To avoid pulling in standard libraries, I had to supply -fno-rtti -fno-exceptions compiler option, both for the qk library and the executable below.

Above screenshot also shows compiler option "-ffunction-sections", which forces each function to its own section.  This allows the linker to place any section to different memory.  Together with the linker option "--gc-sections", this compiler option (discussed when building the application ELF file below) also leads to a smaller executable footprint.  BUT this option strips out the resource table static struct read by the Linux remoteproc module--the one that copies the ELF file into CPU1, reboots CPU1, and kicks off the executable.  So do NOT include this option!

I also copy the code recommended by the "Bare metal ARM code development", to avoid dynamic memory allocation.

#include "qp_port.h"
#include <stdlib.h>                   // for prototypes of malloc() and free()

Q_DEFINE_THIS_FILE

extern "C" {
int __aeabi_atexit(void *object, void (*destructor)(void *), void *dso_handle)
{ return 0; }
//............................................................................
void __cxa_atexit(void (*arg1)(void *), void *arg2, void *arg3) {
}
//............................................................................
void __cxa_guard_acquire() {
}
//............................................................................
void __cxa_guard_release() {
}
//............................................................................
void *malloc(size_t) {
    Q_ERROR();
    return (void *)0;
}
//............................................................................
void free(void *) {
    Q_ERROR();
}
//............................................................................
void *calloc(size_t, size_t) {
    Q_ERROR();
    return (void *)0;
}
}

//............................................................................
void *operator new(size_t size) throw() { return malloc(size); }
//............................................................................
void operator delete(void *p) throw() { free(p); }

HW specific linker script and startup assembly code

To repeat, this port of QK is for the 2nd Zynq CPU placed into its own RAM area by Linux on CPU0.  I started from the bare metal ARM 7/9 port available from state-machine.com, but removed the code I do not need.  The linker script specifies the entry point into the application is the reset vector of the vector table.

Vector table

ENTRY(_vector_table)

This port will supply the standard ARM interrupt handlers, so the vector table is hard coded to the functions in the port in startup.s.  Technically speaking, a linker script is NOT part of the QK library; it is application specific.  But the vector table is tightly coupled to the QK port.

    .text
    .code 32

.section .vectors
_vector_table:
B _boot
B QF_undef
B QF_swi
B QF_pAbort
B QF_dAbort
B QF_reserved/* Placeholder for address exception vector*/
B QK_irq
B QF_fiq_dummy

.set vector_base, _vector_table

The ARM 7/9 port actually starts with an empty vector table until the RAM is remapped, and even then, the 1st level vector table merely indirectly to a 2nd level that is later filled in by QF::onStartup.  But as explained above, my code is placed straight into already initialized RAM, and the entire CPU1 is dedicated for this application.  So I decided to keep things simple by hard coding the vector table (no indirection recommended in the bare metal ARM application note).  The qk_port.s section below will detail all the above interrupt handlers--except the reset vector (boot), which I elaborate right now.

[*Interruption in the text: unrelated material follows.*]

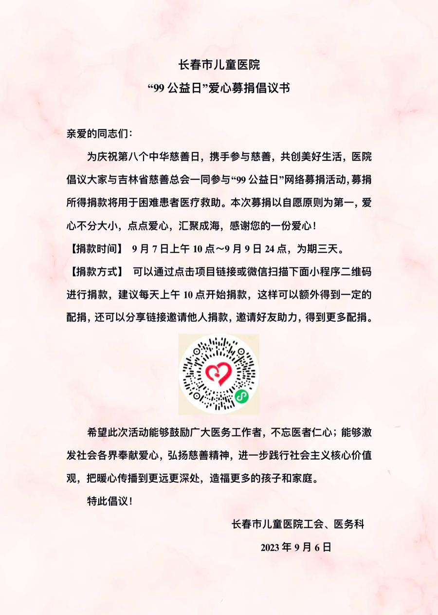 弘扬中华传统美德,助力慈善事业发展。为庆祝第八个“中华慈善日”,9月7日—9月9日,德州扑克游戏网 工会、医务科组织全院职工,与吉林省慈善总会共同参与“99公益日”网络募捐活动,携手参与慈善,共创美好生活。

Every vectors except for the _boot and QK_irq vectors turn off interrupts and call Q_onAssert(char* source, int linnum).  Here is an example for the FIQ vector, which this port of QP do NOT handle:

Csting_fiq:         .string  "FIQ dummy"

    .global QF_fiq_dummy
    .func   QF_fiq_dummy
    .align  3
QF_fiq_dummy:
    LDR     r0,=Csting_fiq
    B       QF_except
    .size   QF_fiq_dummy, . - QF_fiq_dummy
    .endfunc

C calling convention uses R0 and R1 as the 1st and the 2nd parameters:

    .global QF_except
    .func   QF_except
    .align  3
QF_except:
    /* r0 is set to the string with the exception name */
    SUB     r1,lr,#4            /* set line number to the exception address */
    MSR     cpsr_c,#(SYS_MODE | NO_IRQ | NO_FIQ) /* SYSTEM,IRQ/FIQ disabled */
    LDR     r12,=Q_onAssert
    MOV     lr,pc               /* store the return address */
    BX      r12                 /* call the assertion-handler (ARM/THUMB) */
    /* the assertion handler should not return, but in case it does
    * hang up the machine in this endless loop
    */
    B       .

_boot vector

The very first code out of reset is to allow only CPU1 to run.  Maybe I don't need this code, but I inherited this code from Xilinx BSP's boot.S.  Depending on the time of the day, I feel like this is a good thing to do:

.section .boot,"ax"
_prestart:
_boot: /* only allow cpu1 through */
mrc p15,0,r1,c0,c0,5
and r1, r1, #0xf
cmp r1, #1
beq OKToRun
EndlessLoop1:
wfe
b EndlessLoop1

There are CPU version specific workarounds to be applied.  The errata to pick up is defined in xil_errata.h, which I COPIED from the auto-generated BSP code.  For Zynq only ARM errata 742230 and 743622 apply.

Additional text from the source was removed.